We picked 11 month old Crispin up on a Thursday night. The first thing he did in my home was jump up on the kitchen counter, but I blocked him mid-air much to his surprise. The previous foster home had warned us about his surfing habits (among other things) and we were ready for him. The baby gates were already up and he dragged his leash. He didn’t try again that night. We introduced him to our two, let him out one more time and went to bed where he settled in his crate right away. All-in-all we had a good first night.
The next day I brought him to work with me. He was amazing. Brilliant even. He was lazy, slept at my feet, stayed solidly when I went to the printer, etc. Better than any dog I've brought into the office, my own included. I couldn't believe this, he was less than a year old and a lab! So calm! He was happy as could be, this calm wasn't stress related. I figured he was showing me how his foster family had done an excellent job with him. At around 4:00 he was nice and relaxed so I felt it was safe enough to take a quick washroom break.
When I came out my boss was sitting in the foyer.
"Tracy, we have problem." He said in his German accent.
There was a brown long lumpy puddle on the carpet at his feet. My mind was racing as I took action. Because of the colour I wasn’t sure which end it came out of. When Crispin started heaving again I had my answer to that question. Of the two possibilities, I figured that was the best case scenario and more forgivable from an outsiders point of view – the poor dog was sick, right?!
When I went to pick up his leash he frantically tried to re-eat his vomit so I wouldn't get it first. Whatever. It's disgusting but normal dog behaviour and I wasn't too concerned until I noticed it was solid. Ewww. I grabbed his leash and ran him outside. Nothing came out and I still had to clean up that carpet upstairs ASAP. Taking him back inside he suddenly decided to show me something else the previous fosterhome had warned me about - his fear of heights. He slammed on the brakes and wouldn't go near the stairs. Argh! Not a good time to deal with that issue I quickly tied him to the banister in the hallway and left him there. At least it was tiled and easy to clean if necessary.
Once upstairs I saw what he'd vomited in front of my boss, and finally understood why it shaped in a long solid lump...

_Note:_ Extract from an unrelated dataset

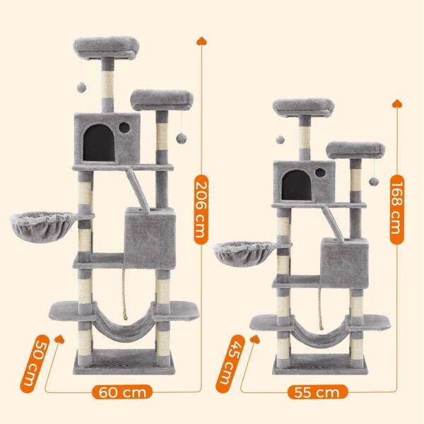Visos pramogos: Su 2 pomponais, žaidimų virve, 2 urvais, krepšiu ir hamaku jūsų katėms niekada nebus nuobodu ant šio draskymo stulpelio.

Underwear that had been sitting in his stomach since before I picked him up.
It was the most disgusting, revolting, awful thing ever. From the sight to the smell to the location and the audience. Could it have been any worse? I nearly threw up myself right then and there. While on my hands and knees scrubbing the carpet I was frantically wondering if there were any agencies looking to hire a senior graphic designer?
It took me a few months to work up the courage to bring another dog into the office again. It's a huge priviledge that I really appreciate and don't take advantage of, incidences like this aren't a good thing.
It served me right for trusting a new dog, for not having him tethered to my desk and for leaving him on his own, among many other things!
On the bright side of things I'm happy to report that his energy was much higher after his system was cleaned out, exactly to the level I would expect from a healthy young black lab.